About this task:
Starting at the line containing "Earthy tones and" and ending at the line containing "領導們參觀了展廳的展品,對產", transcribe the listing below exactly. Keep both end lines, skip the pictures, and copy nothing else.
**** Given records ****
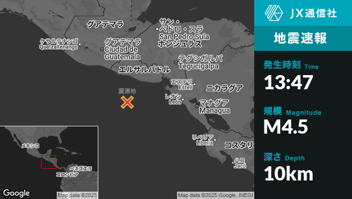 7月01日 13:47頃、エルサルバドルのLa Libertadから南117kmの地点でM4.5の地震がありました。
****
**** Given records ****
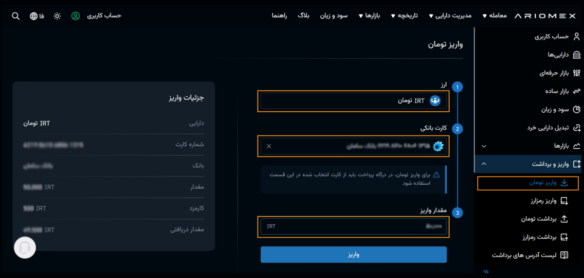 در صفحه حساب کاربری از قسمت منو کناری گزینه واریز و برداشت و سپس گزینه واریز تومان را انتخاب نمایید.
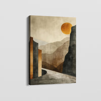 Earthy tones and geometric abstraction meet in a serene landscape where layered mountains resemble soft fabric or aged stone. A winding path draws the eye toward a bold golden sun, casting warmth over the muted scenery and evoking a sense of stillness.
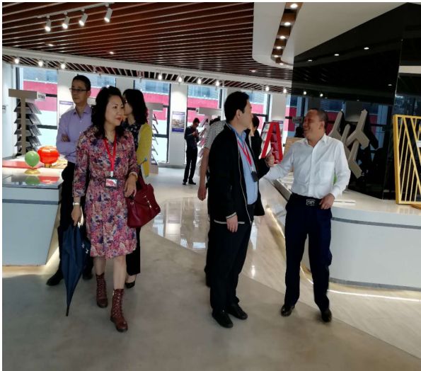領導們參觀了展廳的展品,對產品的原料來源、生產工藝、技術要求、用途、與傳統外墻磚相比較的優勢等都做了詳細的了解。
****
**** Given records ****
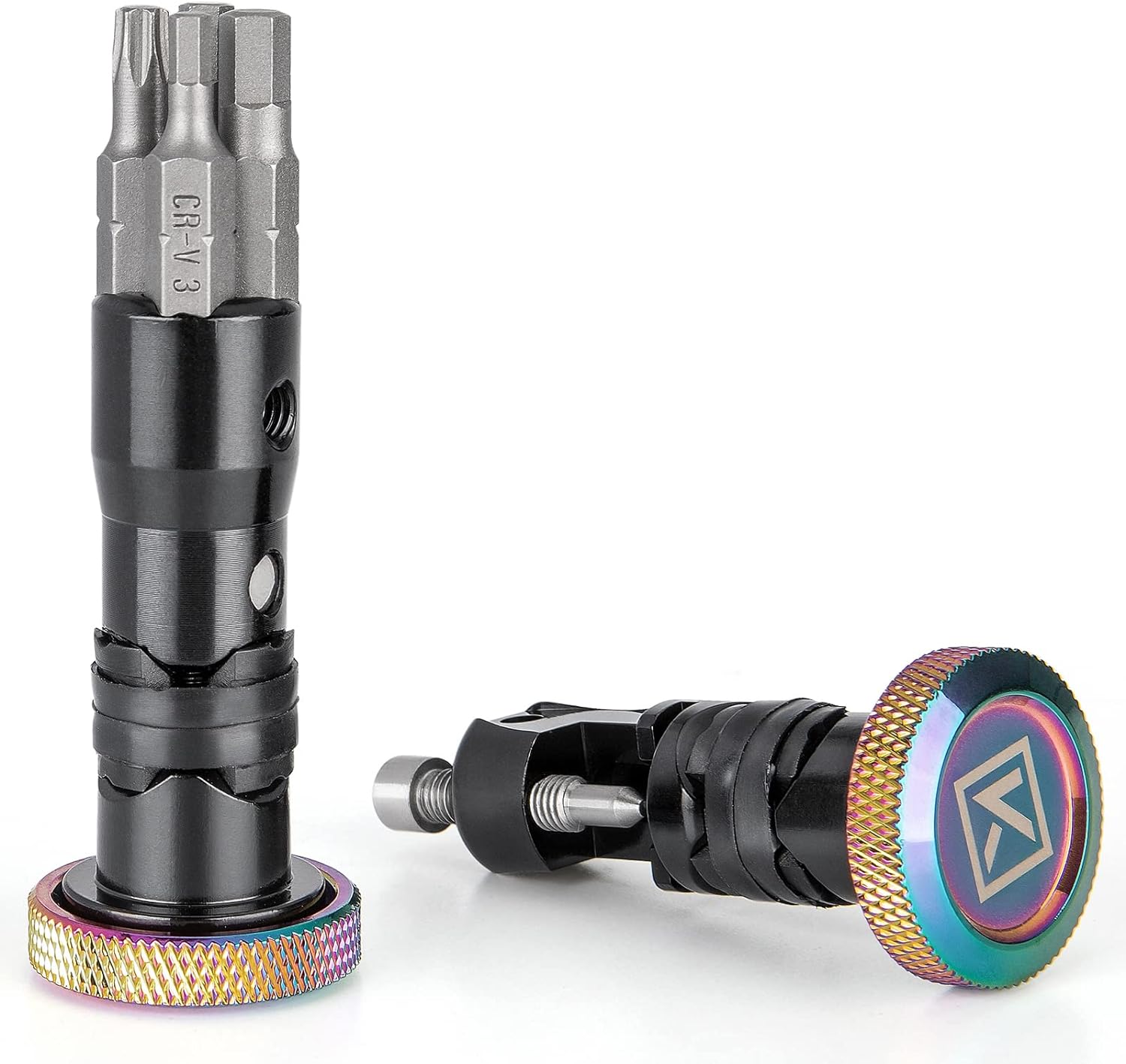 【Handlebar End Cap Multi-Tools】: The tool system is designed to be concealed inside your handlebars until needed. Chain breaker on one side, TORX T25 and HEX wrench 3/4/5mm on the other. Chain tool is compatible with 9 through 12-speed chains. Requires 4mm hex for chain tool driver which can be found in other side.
****
The completed task:
 Earthy tones and geometric abstraction meet in a serene landscape where layered mountains resemble soft fabric or aged stone. A winding path draws the eye toward a bold golden sun, casting warmth over the muted scenery and evoking a sense of stillness.
領導們參觀了展廳的展品,對產品的原料來源、生產工藝、技術要求、用途、與傳統外墻磚相比較的優勢等都做了詳細的了解。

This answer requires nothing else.